- **Dataset entries**
[Start of section]

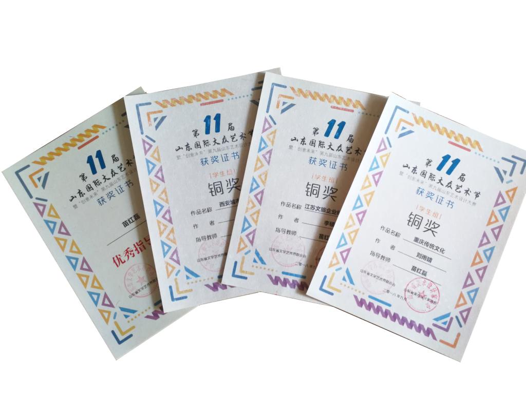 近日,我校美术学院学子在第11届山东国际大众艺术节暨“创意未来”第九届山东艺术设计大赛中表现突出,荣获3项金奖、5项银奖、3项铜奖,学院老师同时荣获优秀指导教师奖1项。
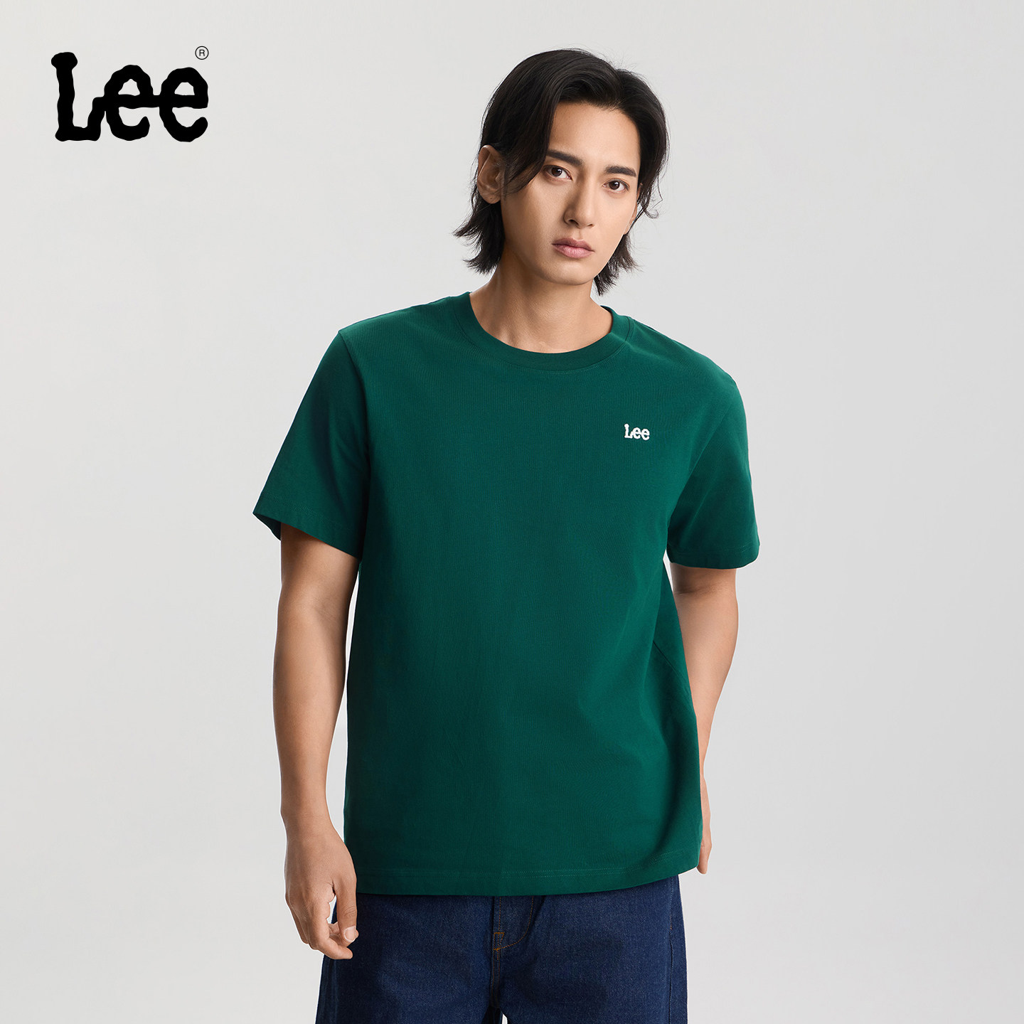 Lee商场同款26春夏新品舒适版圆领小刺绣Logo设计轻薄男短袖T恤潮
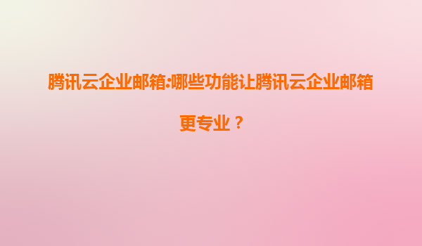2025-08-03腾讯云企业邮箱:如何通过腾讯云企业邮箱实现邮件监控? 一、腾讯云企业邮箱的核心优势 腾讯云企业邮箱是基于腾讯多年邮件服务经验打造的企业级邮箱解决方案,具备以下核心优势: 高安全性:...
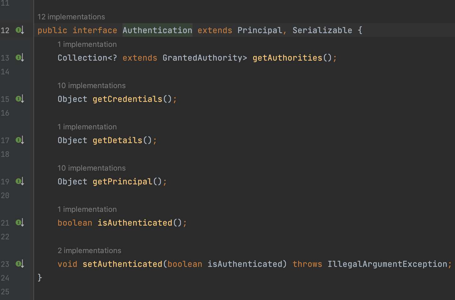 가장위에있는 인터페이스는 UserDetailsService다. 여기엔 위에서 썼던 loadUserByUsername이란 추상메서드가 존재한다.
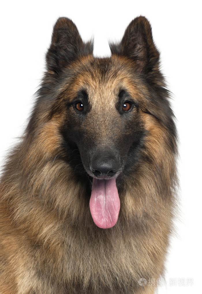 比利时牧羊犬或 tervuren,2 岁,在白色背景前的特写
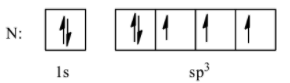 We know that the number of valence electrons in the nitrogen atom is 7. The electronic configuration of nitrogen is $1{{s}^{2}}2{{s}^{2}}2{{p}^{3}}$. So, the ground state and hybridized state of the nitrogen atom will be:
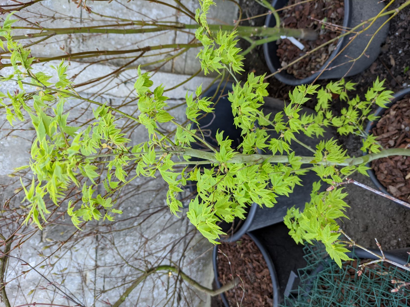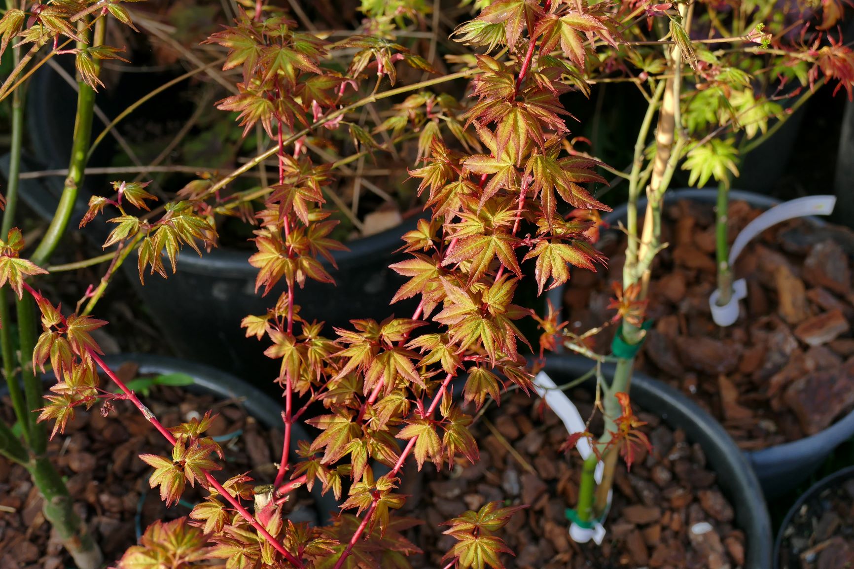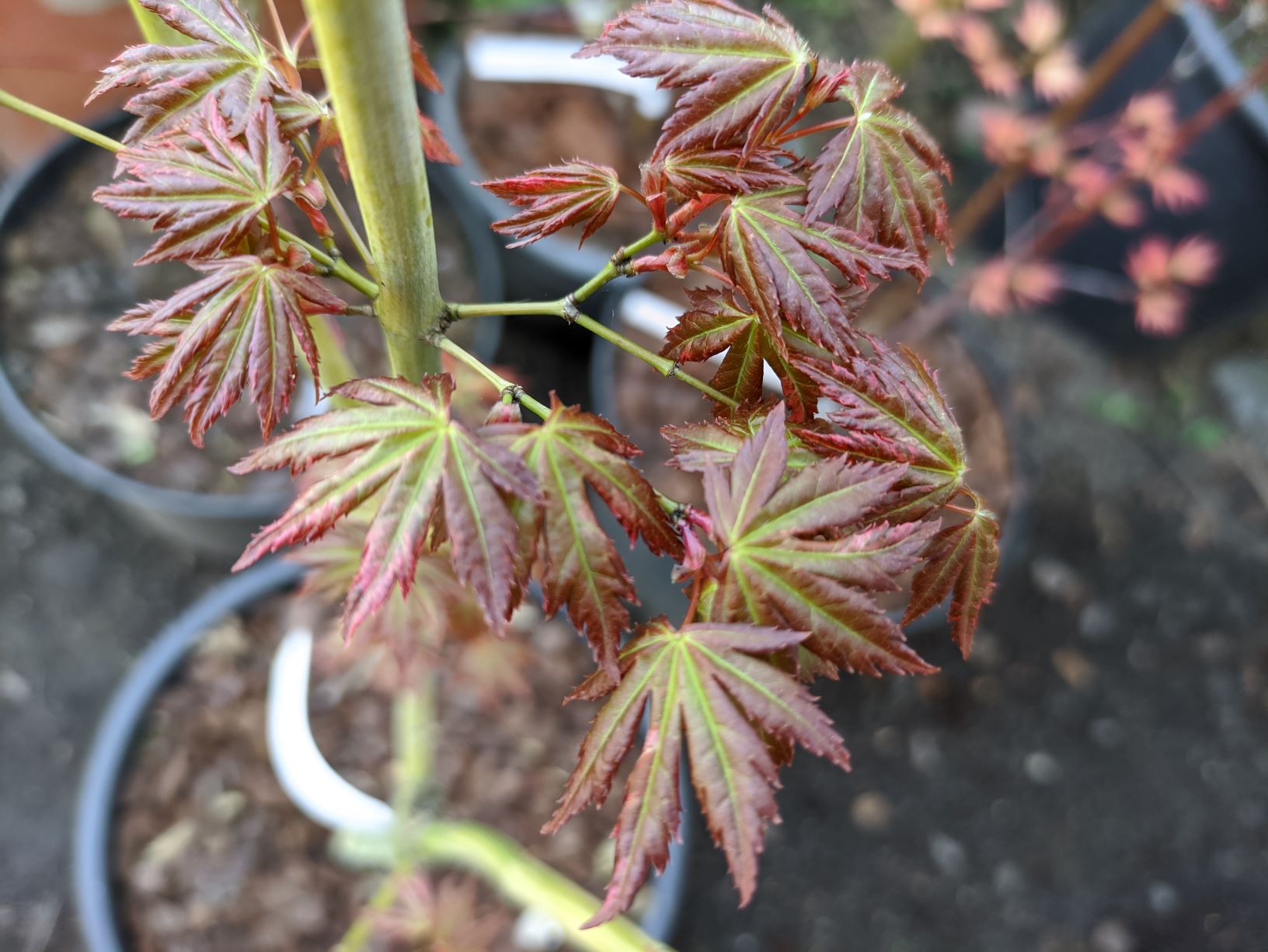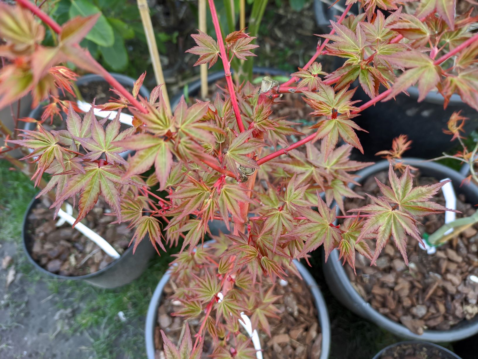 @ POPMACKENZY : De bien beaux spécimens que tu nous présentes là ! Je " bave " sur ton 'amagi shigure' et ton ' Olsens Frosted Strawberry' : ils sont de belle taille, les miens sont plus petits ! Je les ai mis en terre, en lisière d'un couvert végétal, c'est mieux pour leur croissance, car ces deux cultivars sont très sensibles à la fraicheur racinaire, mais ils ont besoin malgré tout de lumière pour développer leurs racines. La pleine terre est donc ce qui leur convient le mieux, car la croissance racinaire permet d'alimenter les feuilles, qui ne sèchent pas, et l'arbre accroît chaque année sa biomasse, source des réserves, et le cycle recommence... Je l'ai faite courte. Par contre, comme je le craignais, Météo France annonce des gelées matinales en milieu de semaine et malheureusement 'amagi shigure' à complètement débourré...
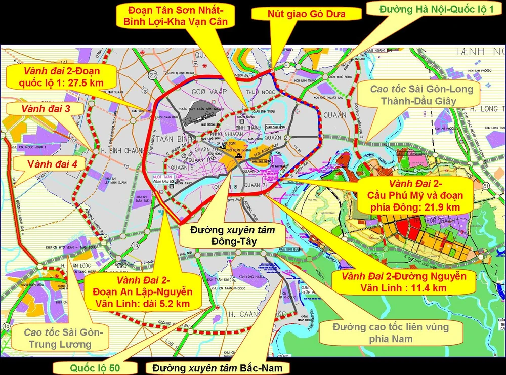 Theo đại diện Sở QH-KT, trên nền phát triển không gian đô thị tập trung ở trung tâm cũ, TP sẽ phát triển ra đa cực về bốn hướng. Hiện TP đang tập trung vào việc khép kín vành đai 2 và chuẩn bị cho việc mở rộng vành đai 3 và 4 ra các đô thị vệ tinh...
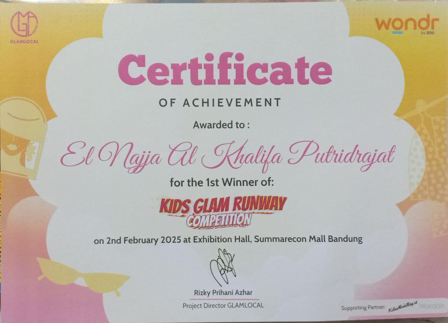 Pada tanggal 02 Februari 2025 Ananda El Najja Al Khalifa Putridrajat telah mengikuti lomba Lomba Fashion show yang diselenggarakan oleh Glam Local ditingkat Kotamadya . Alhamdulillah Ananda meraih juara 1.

[End of section]

Word for word, restate the lines above from the first through the one that contains "比利时牧羊犬或 tervuren,2 岁,在白色背景前的特写", and exclude all pictures.

- **Finished exercise**
 近日,我校美术学院学子在第11届山东国际大众艺术节暨“创意未来”第九届山东艺术设计大赛中表现突出,荣获3项金奖、5项银奖、3项铜奖,学院老师同时荣获优秀指导教师奖1项。
 Lee商场同款26春夏新品舒适版圆领小刺绣Logo设计轻薄男短袖T恤潮
2025-08-03腾讯云企业邮箱:如何通过腾讯云企业邮箱实现邮件监控? 一、腾讯云企业邮箱的核心优势 腾讯云企业邮箱是基于腾讯多年邮件服务经验打造的企业级邮箱解决方案,具备以下核心优势: 高安全性:...
 가장위에있는 인터페이스는 UserDetailsService다. 여기엔 위에서 썼던 loadUserByUsername이란 추상메서드가 존재한다.
 比利时牧羊犬或 tervuren,2 岁,在白色背景前的特写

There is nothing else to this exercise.